Reproduce the whole listing exactly and let no picture into the copy.

#### STORED DATA:
::::

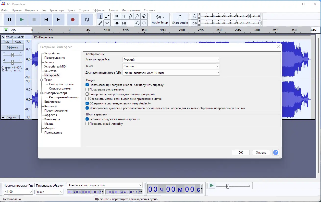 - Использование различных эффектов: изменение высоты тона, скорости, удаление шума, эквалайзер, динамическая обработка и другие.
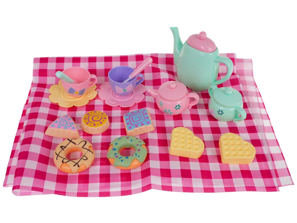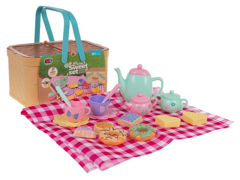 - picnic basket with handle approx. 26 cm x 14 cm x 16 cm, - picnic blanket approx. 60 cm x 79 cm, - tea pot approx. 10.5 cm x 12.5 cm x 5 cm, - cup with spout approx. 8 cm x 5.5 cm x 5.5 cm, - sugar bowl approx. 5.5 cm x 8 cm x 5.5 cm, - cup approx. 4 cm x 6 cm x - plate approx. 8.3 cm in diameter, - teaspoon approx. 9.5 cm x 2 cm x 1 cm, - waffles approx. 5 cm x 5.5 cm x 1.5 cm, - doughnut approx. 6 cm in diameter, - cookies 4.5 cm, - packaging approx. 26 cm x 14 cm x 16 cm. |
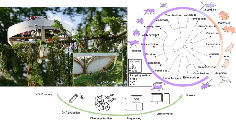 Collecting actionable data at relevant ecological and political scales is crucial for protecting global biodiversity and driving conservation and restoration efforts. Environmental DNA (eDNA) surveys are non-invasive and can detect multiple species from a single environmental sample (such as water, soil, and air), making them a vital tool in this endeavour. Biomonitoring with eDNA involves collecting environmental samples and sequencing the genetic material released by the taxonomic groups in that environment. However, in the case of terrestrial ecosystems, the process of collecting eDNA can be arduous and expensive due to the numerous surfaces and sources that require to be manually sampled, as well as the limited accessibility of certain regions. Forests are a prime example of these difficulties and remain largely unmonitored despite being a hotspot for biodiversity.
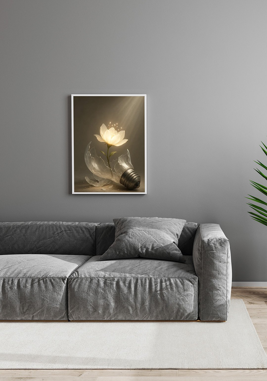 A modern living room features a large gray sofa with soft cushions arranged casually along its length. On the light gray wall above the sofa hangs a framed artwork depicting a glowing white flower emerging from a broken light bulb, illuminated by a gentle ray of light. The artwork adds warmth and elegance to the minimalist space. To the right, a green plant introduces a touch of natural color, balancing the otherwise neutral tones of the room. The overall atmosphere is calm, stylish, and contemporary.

::::

#### TASK ANSWER:
 - Использование различных эффектов: изменение высоты тона, скорости, удаление шума, эквалайзер, динамическая обработка и другие.
 - picnic basket with handle approx. 26 cm x 14 cm x 16 cm, - picnic blanket approx. 60 cm x 79 cm, - tea pot approx. 10.5 cm x 12.5 cm x 5 cm, - cup with spout approx. 8 cm x 5.5 cm x 5.5 cm, - sugar bowl approx. 5.5 cm x 8 cm x 5.5 cm, - cup approx. 4 cm x 6 cm x - plate approx. 8.3 cm in diameter, - teaspoon approx. 9.5 cm x 2 cm x 1 cm, - waffles approx. 5 cm x 5.5 cm x 1.5 cm, - doughnut approx. 6 cm in diameter, - cookies 4.5 cm, - packaging approx. 26 cm x 14 cm x 16 cm. |
 Collecting actionable data at relevant ecological and political scales is crucial for protecting global biodiversity and driving conservation and restoration efforts. Environmental DNA (eDNA) surveys are non-invasive and can detect multiple species from a single environmental sample (such as water, soil, and air), making them a vital tool in this endeavour. Biomonitoring with eDNA involves collecting environmental samples and sequencing the genetic material released by the taxonomic groups in that environment. However, in the case of terrestrial ecosystems, the process of collecting eDNA can be arduous and expensive due to the numerous surfaces and sources that require to be manually sampled, as well as the limited accessibility of certain regions. Forests are a prime example of these difficulties and remain largely unmonitored despite being a hotspot for biodiversity.
 A modern living room features a large gray sofa with soft cushions arranged casually along its length. On the light gray wall above the sofa hangs a framed artwork depicting a glowing white flower emerging from a broken light bulb, illuminated by a gentle ray of light. The artwork adds warmth and elegance to the minimalist space. To the right, a green plant introduces a touch of natural color, balancing the otherwise neutral tones of the room. The overall atmosphere is calm, stylish, and contemporary.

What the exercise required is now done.